South Korean artist (born 1970)

Sanghee Song (born 1970) is a South Korean artist. Sanghee Song was born in Seoul in 1970. She attended Ewha Womans University, earning her BFA in painting in 1992 and her MFA in 1994. Her works challenge the myths and repetitive narrativity of virtuous women. For her 2004 video The National Theater, Song reenacted the assassination of Yuk Young-soo, wife of South Korean president Park Chung-hee.

From 2006 to 2007, Song was a resident at the Rijksakademie in Amsterdam. Song won the Hermès Foundation Missulsang, an annual award recognizing emerging Korean artists, in 2008, for her "animation work exploring environmental issues." Song is also the recipient of the 2017 Korea Artist Prize from the National Museum of Modern and Contemporary Art, Korea.

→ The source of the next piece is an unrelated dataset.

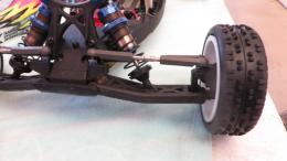 マシンのフロントアームはヨコモ製のガルアームを移植して特性を変えています。フロントの動きがマイルドになって運転しやすいとのことでした。

Song participated in the 2016 Aichi triennale, the 2004 Busan Biennale, the 2006 Gwangju Biennale, and the 2006 São Paulo Art Biennial. Her work was featured in the 2007 Global Feminisms exhibition at the Brooklyn Museum.

Song has had solo shows at the Seoul Museum of Art in 2021, Gallery ICON, Seoul; Pool, Seoul; FreeSpace PRAHA, Sapporo, Japan; and Insa Art Space, Seoul. Group shows include the Seoul Museum of Art, Hokkaido Museum of Modern Art, Sapporo; Sungkok Art Museum, Seoul; Total Museum of Contemporary Art, Seoul; KunstCentret Silkeborg Bad, Silkeborg, Denmark; Kunsthalle Darmstadt, Germany; and Leeum, Samsung Museum of Art, Seoul.